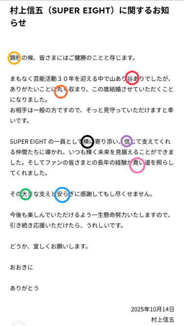 結婚報告コメントが「メンバーの名前入ってる?」話題になっていました。
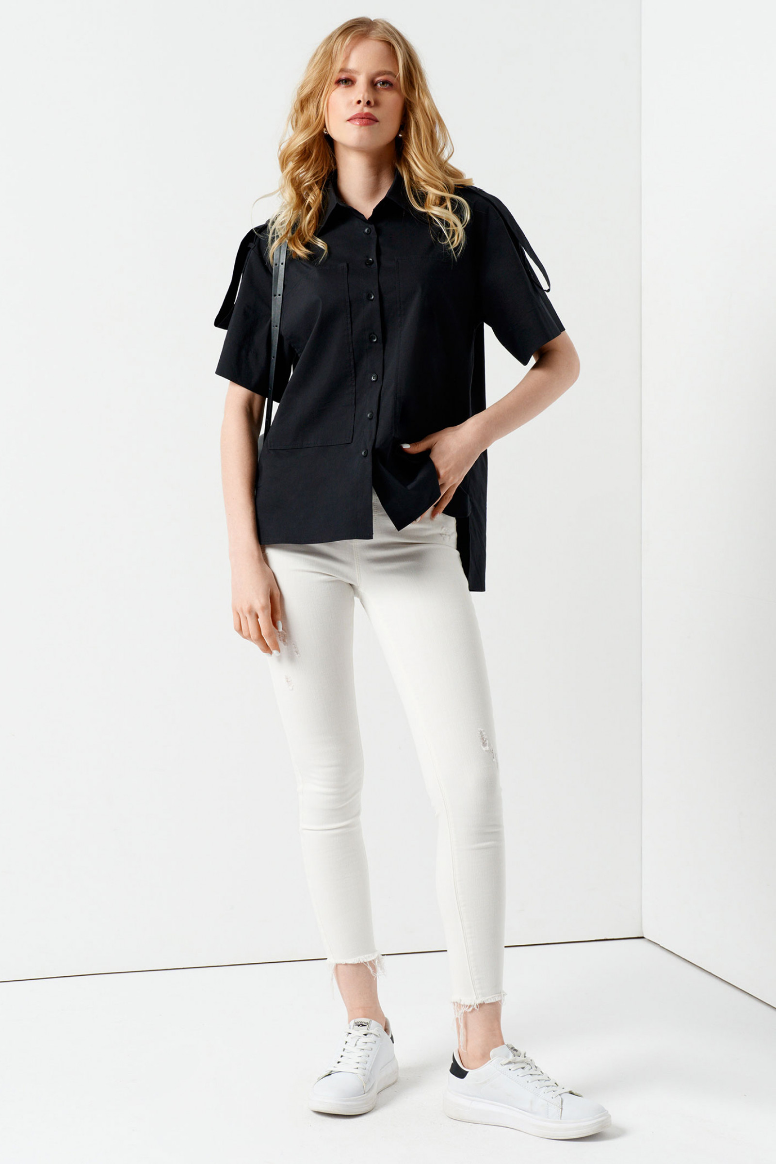 Белая блуза гармонично сочетает в себе элементы классического стиля и casual детали. Благодаря прямому крою и широким рукавам блузка рубашка свободно садится по фигуре и оставляет полную свободу движений. В этой стильной одежде вы будете чувствовать себя максимально комфортно даже в жаркую погоду.
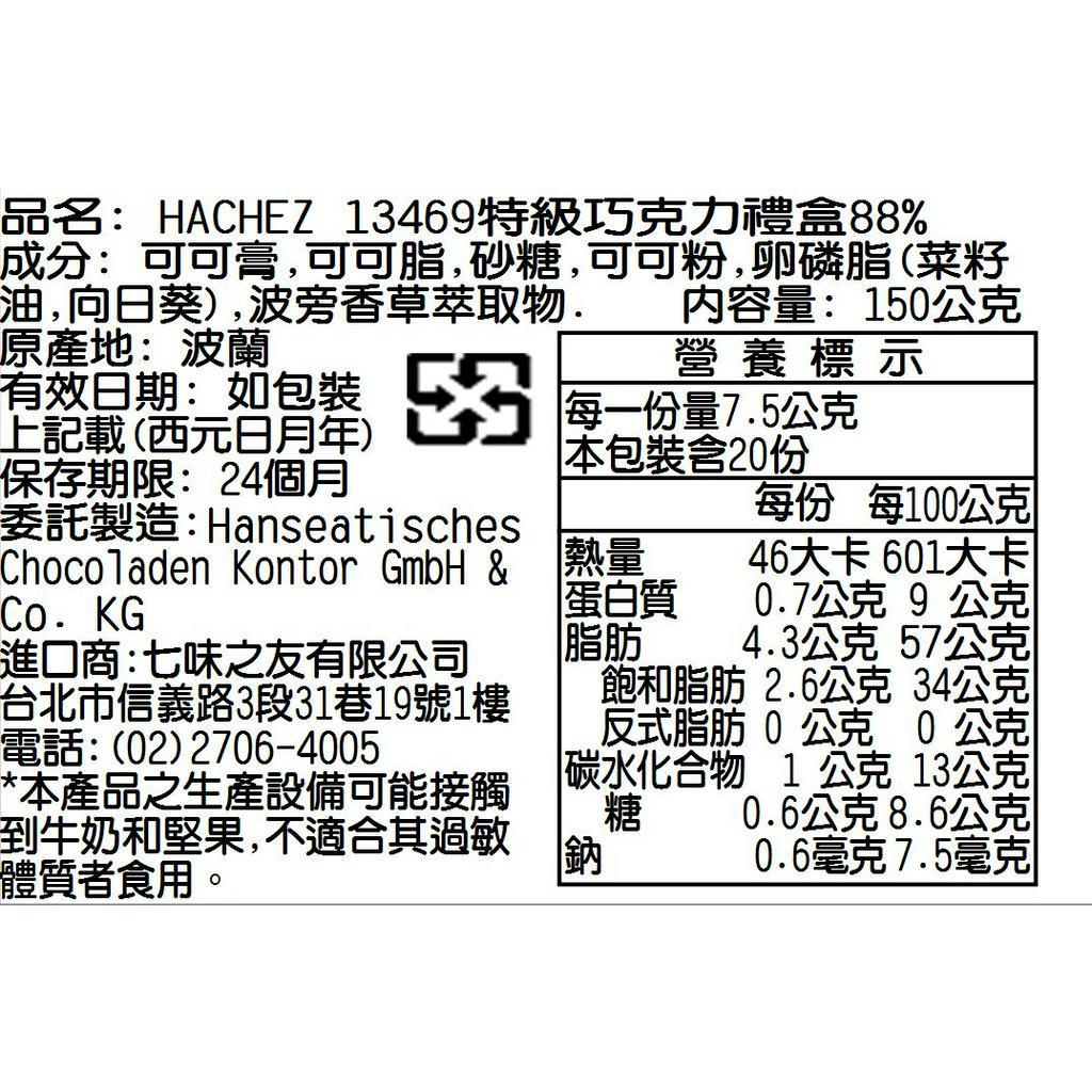 【HACHEZ】13469特級巧克力禮盒88% _150g|品牌旗艦店 情人節、告白禮、巧克力禮盒2026/04/02|2025/00/00ChocolateANGELINA安琪麗娜
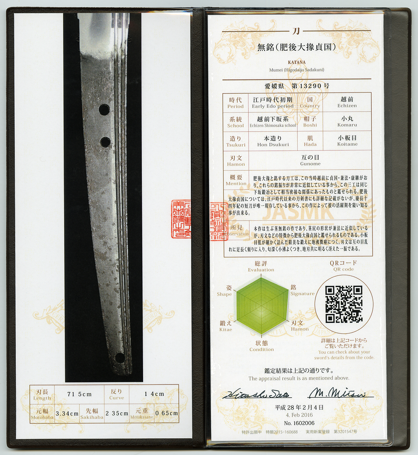 The Kurashiki museum appraised as Higo Daijo Sadakuni.

## Task
Transcribe the material exactly, and leave out whatever pictures it holds.

## Expected answer
 結婚報告コメントが「メンバーの名前入ってる?」話題になっていました。
 Белая блуза гармонично сочетает в себе элементы классического стиля и casual детали. Благодаря прямому крою и широким рукавам блузка рубашка свободно садится по фигуре и оставляет полную свободу движений. В этой стильной одежде вы будете чувствовать себя максимально комфортно даже в жаркую погоду.
 【HACHEZ】13469特級巧克力禮盒88% _150g|品牌旗艦店 情人節、告白禮、巧克力禮盒2026/04/02|2025/00/00ChocolateANGELINA安琪麗娜
 The Kurashiki museum appraised as Higo Daijo Sadakuni.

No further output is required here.